Heat 2 tablespoons oil in a skillet over medium-high heat. Fry tortillas for 5 seconds on each side. Drain on paper towels and keep warm.

3

Divide chicken, 10 ounces of Monterey Jack cheese, and minced onion evenly among tortillas. Roll up each tortilla and place seam-side down in the baking dish.

4

In a saucepan, melt butter over medium heat. Add flour and whisk until bubbly. Gradually add chicken broth, stirring constantly until thickened. Mix in sour cream and green chiles.
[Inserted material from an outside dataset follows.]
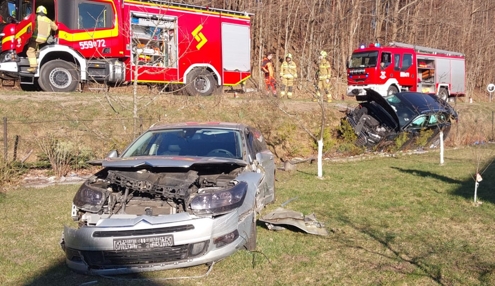 Na miejscu zdarzenia pracowały trzy zastępy straży pożarnej – jeden z Państwowej Straży Pożarnej oraz dwa z Ochotniczej Straży Pożarnej. Służby otrzymały zgłoszenie o godzinie 17:11. Działania ratownicze obejmowały zabezpieczenie miejsca wypadku, odłączenie akumulatorów w uszkodzonych pojazdach oraz udzielenie wstępnej pomocy medycznej osobie z lekkimi obrażeniami.

Heat thoroughly without boiling.

5

Pour sauce over the tortillas in the baking dish.

6

Bake the enchiladas in the preheated oven for 20 minutes. Top with remaining Monterey Jack cheese and bake for another 5 minutes until bubbly and golden.

7

Garnish with chopped green onions and cilantro before serving.

NUTRIENTS

Per 1 serving

🔥

798

Calories

  • 50
    Protein
  • 33
    Carbs
  • 52
    Fats

💡 To save time, use store-bought rotisserie chicken instead of cooking the chicken breasts yourself.For a spicier kick, use hotter green chiles or add a pinch of cayenne pepper.Leftovers can be refrigerated for up to 3 days and reheated in the microwave.